In the final game of the 2012-13 NBA regular season Chris Copeland had one of the most memorable performances of his rookie campaign with the New York Knicks.
Yet he left the court that night in deep pain after suffering a shoulder injury late in the third quarter of the Knicks’ victory over the Atlanta Hawks.
But for Copeland, who played at the University of Colorado from 2002-06, his shoulder is the last thing on his mind as he completes the first season of what he calls “a life-long journey” to play in the NBA.
After scoring a career-high 33 points against Atlanta, Copeland told the MSG Network that Knicks coach Mike Woodson instructed him to “be aggressive,” and when describing what happened to his shoulder he said something “popped out.”
Nonetheless, three days later, Copeland would start in his first-ever NBA playoff game against the Boston Celtics in “The World’s Most Famous Arena” – Madison Square Garden. His stat-line was not nearly as impressive (0-for-3 from the field) as the one he compiled in the season finale, but Copeland will tell you it was even more memorable.
In an interview with CUBuffs.com, he described his emotions as “very excited,” and added, “I really wanted to make an impression, although I honestly didn’t play excellent, but we won the game and that’s all that matters.”
He has left a good impression among the Knicks’ organization and fans. Playing in 56 games this season, Copeland averaged 8.7 points in 15.4 minutes a game. However, in the final month of the season his scoring average almost doubled, going to 15.0.
There are few current players with a more intriguing story than Copeland, a 29-year-old rookie who grew up in Newark, N.J., played college basketball in Boulder, and then spent six years traveling from the NBA’s Developmental League across Europe. He finally found a fit on an NBA roster in a city he calls home.

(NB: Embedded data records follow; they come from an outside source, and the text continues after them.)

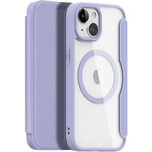 - iPhone ケース 手帳型 ワイヤレス充電対応 薄型 PUレザー 背面 クリア MDM (パープル, iPhone 15 Plus)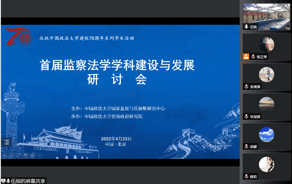4月23日,由中国政法大学国家监察与反腐败研究中心主办,中国政法大学法治政府研究院承办的“首届监察法学学科建设与发展”研讨会以线上与线下相结合的方式召开。会议邀请了中国法学领域尤其是监察法学方向的数十名专家参与,会议日程主要涉及监察法学学科属性及定位、监察法学基本研究范畴以及监察法学教学方法与研究方法等前言议题。beat365李正君博士也应邀参与了此次研讨会。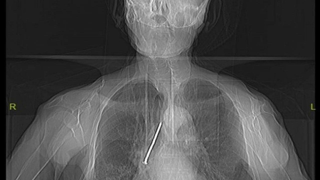 Hızlı bir şekilde müdahale edilmediği takdirde hayatı tehlikeye atabilen bir durumla karşı karşıya kaldıklarını belirten Dr. Kılıç, "Larenks kanseri nedeniyle 24 yıl önce boynundan nefes borusuna açılan açıklık aracılığıyla nefes alıp verebilen hasta, nefes borusundaki bu açıklığı temizlemek amacıyla kullandığı 10 santimlik çiviyi soluk borusuna kaçırmış. Bu nedenle gelişen öksürük ve nefes darlığı şikayeti ile önce başka bir sağlık merkezine başvurmuş, ardından Fethi Sekin Şehir Hastanemiz Göğüs Cerrahisi Kliniğine yönlendirilmiş. Biz de hastanede 91 yaşındaki hastamıza çektiğimiz tomografide soluk borusu içerisinde, sağ akciğer içerisine doğru kaçmış olan çiviyi tespit ettik” dedi.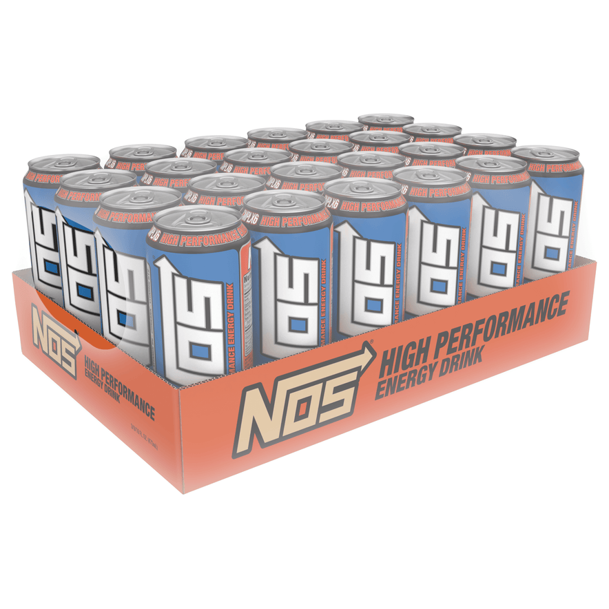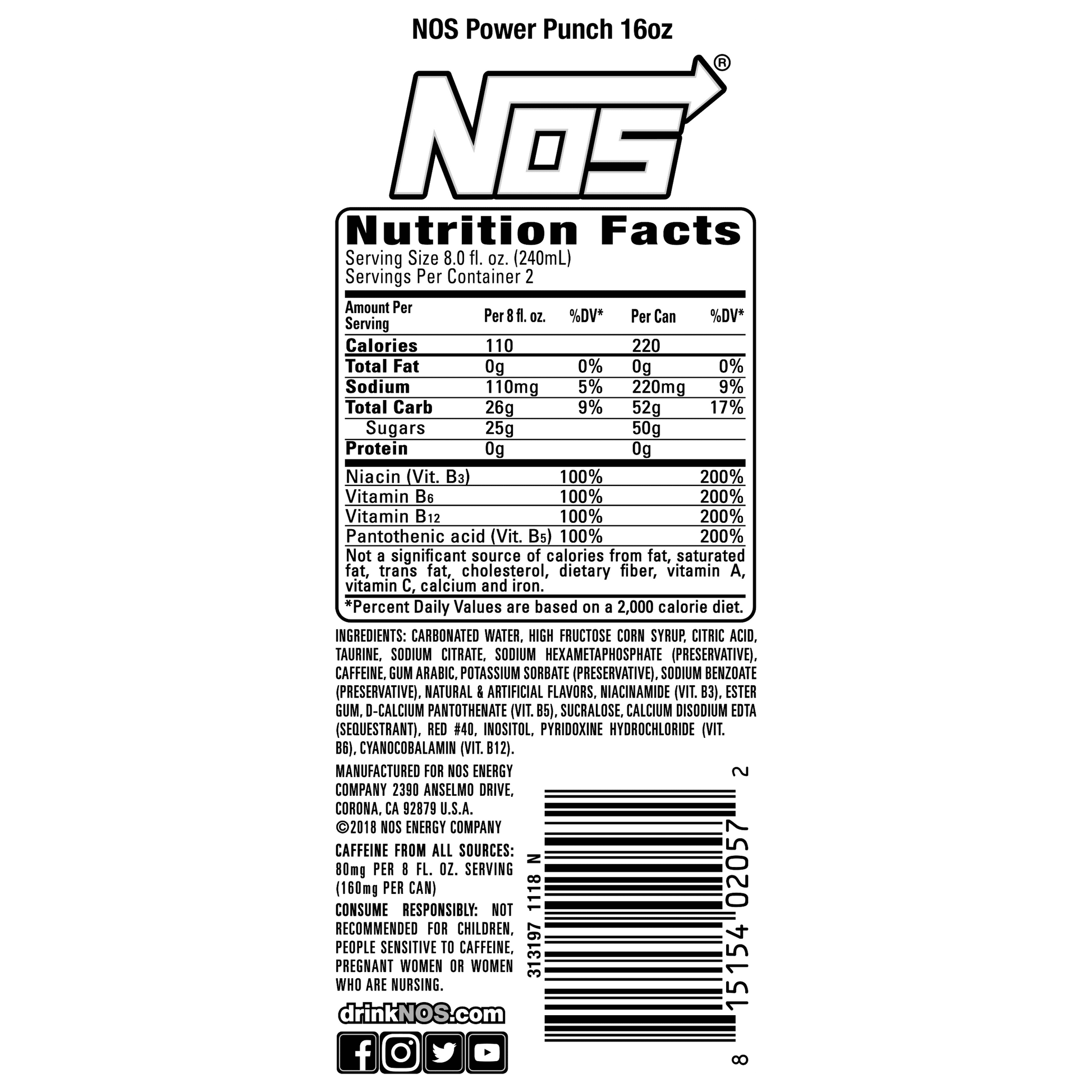 Energy Drink, High Performance, Can 16 OZ CMPLX6. High performance energy + enhanced mental focus. Taurine. Caffeine. Inositol. Vitamin B6. Guarana. Vitamin B12. Caffeine From All Sources: 80 mg per 8 fl oz serving (160 mg per can). Recycle NOS cans. drinkNos.com. Facebook. Instagram. Twitter. YouTube. Refrigerate after opening. Consume Responsibly: Not recommended for children, people sensitive to caffeine, pregnant women or women who are nursing. 16 fl oz (473 ml) 2390 Anselmo Drive Corona, CA 92879 2016 NOS Energy Company NOS Original Energy Drink

“I still have a lot of family across the water (in New Jersey),” said Copeland. “It’s basically a big-time homecoming for me, and it’s great to be back.”
Playing in front of 20,000 of the world’s most passionate sports fans on a nightly basis is quite a contrast from his playing days in Europe and college. Yet the stage isn’t too big for Copeland; in fact he feels most comfortable playing on basketball’s biggest platform.
“I think it’s every basketball player’s dream to play here. It’s the Garden, it’s the Mecca of basketball. It is such a blessing to be here,” Copeland said. “We get nothing but good vibes when we come into the building. I think a lot of (the fans) appreciate my story and I think they can relate to the nature of me being basically just a blue-collar player.”
New York fans have taken a liking to Copeland and rest of the Knicks squad for good reason. Boasting a 54-28 record, including 31-10 in the Garden, the team had its winningest season in over 15 years (since 1996-97).
The Knicks finished second in the Eastern Conference to the Miami Heat, which won more games (66) than any other team in the NBA.
However, after a four-game losing streak in the middle of March, the Knicks were not looking like a very special team and needed a spark.
It was Copeland.
In the final game of a five-game road trip at Utah on March 18th, Copeland put forth an impressive outing by scoring 14 points for a team that was missing two of its most valued players in Carmelo Anthony and Tyson Chandler. Thanks in part to Copeland’s play, the Knicks would go on to win 90-83 to begin an eventual 13-game winning streak.
One reason Copeland realized his life-long dream of making it to the NBA is because of his confidence level. It’s not to say he isn’t humble, as you have to be when you are nearly 30-years-old and still receiving the same hazing as most 20-year-old rookies.
But his experiences over the years provide him with such sureness in his ability to perform at the highest level of competition.
“I’m confident (but) it doesn’t mean I think I’m the best player to ever play,” Copeland said. “But I believe in myself and so do my teammates and coaches, which only gives me more confidence at the end of the day.”
He says being on a roster featuring so many all-star names such as Anthony, Chandler, Amar’e Stoudemire, Jason Kidd, Kenyon Martin, and others has been a blessing. All have served as mentors in different parts of his game helping him to adopt “new tricks and techniques” to further his development.
The winning streak Copeland assisted in starting served a pivotal role in helping the Knicks secure the Atlantic Division title for the first time since the 1993-94 season.
Copeland called contributing to such a special season “amazing. It is such a good feeling being out in the city and you can tell the fans have been waiting for a season like this.
“It is a great thing to be a part of; I’m so excited to be along for the ride and I just thank God and the Knicks organization for giving me this opportunity.”
The goal now is to not let the unbelievable ride come to a screeching stop, and Copeland doesn’t think it will anytime soon.
“We are just going to go out there and play one game at a time and see how it goes, and I think we are pretty confident in ourselves that we’ll get the job done,” he said.
The Knicks currently lead the best-of-seven series against the Celtics 2-0 after winning Game 2, 87-71 on Tuesday night in New York, with Games 3 and 4 scheduled in Boston on Friday and Sunday.